Rosy retrospection reveals Breadwinner to be the work of true iconoclasts. When you listen to the trio’s recorded output, you can literally hear guitarist Pen Rollings, bassist Bobby Donne and drummer Chris Farmer dismantling convention with stretched chords and mutant time signatures. By the time Merge released the posthumous compilation The Burner in 1994, math rock was not only well-established with releases from contemporaries like Slint and Polvo (as well as early-adopters like Don Caballero and Shellac), but also getting ready to mutate into even more metallic directions with acts like Botch and the Dillinger Escape Plan.

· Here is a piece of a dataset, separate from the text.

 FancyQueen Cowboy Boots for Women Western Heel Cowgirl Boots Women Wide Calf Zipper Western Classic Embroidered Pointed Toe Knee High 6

Watching Breadwinner level the room in a smoke-filled, 500-capacity venue is probably the best way to experience the band’s music, but alas, we have only a few YouTube videos to capture the ferocity of their live performances. Which leaves us with listening to the songs on The Burner in sequence as the preferred way to take it all in, like a roller coaster ride with a series of hairpin turns, presenting Breadwinner constantly in motion and passing kinetic energy from one song to the next. This also happens to be the chronological order in which the songs—originally released on a series of 7-inch singles—were recorded, making The Burner a marriage of Southern efficiency and Northern charm.

Thanks to the band’s critically short 18-month lifespan, Breadwinner never really had a chance to build a national following. According to Donne, they only played shows as far west as Chicago, as far north as Boston and no further south than Chapel Hill/Raleigh. But all three of the band’s members have remained hometown heroes in Richmond, where Breadwinner have always been spoken of in hushed and reverent tones, along with Rollings’ abrasive hardcore act Honor Role and Butterglove, the bridge between Honor Role and Breadwinner.

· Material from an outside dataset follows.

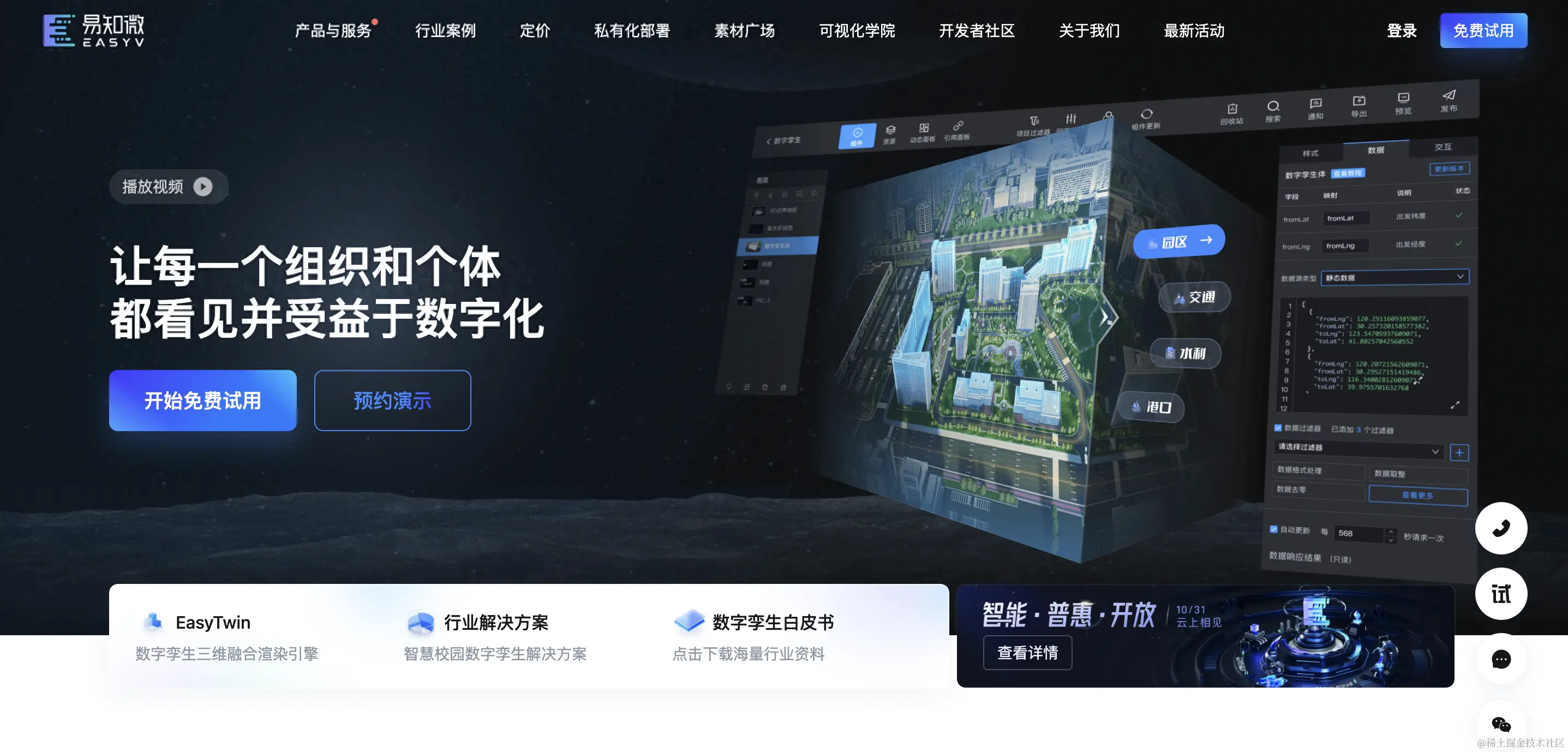 易知微-EasyV数字孪生|智慧城市园区工厂水利双碳|三维地图数据可视化大屏

Aside from the opener “Tourette’s,” Breadwinner remained a largely instrumental act, which makes The Burner an outlier in the Decibel Hall of Fame. It’s also one of the shortest releases we’ve inducted (edging Plague Soundscapes by the Locust), and probably the only LP that takes on the practical form of an album, but was never intended as such. That said, we make the rules, and we can bend ’em as we please. And it’s not a stretch when you crank shit-hot tracks like “Kisses Men on the Mouth on the Mountain” and “Mac’s Oranges” and hear that sound continuing to reverberate in diverse acts like Mastodon, Meshuggah and KEN Mode. If you know, you know.

Need more classic Breadwinner? To read the entire seven-page story, featuring interviews with the members who performed on The Burner, purchase the print issue from our store, or digitally via our app for iPhone/iPad or Android.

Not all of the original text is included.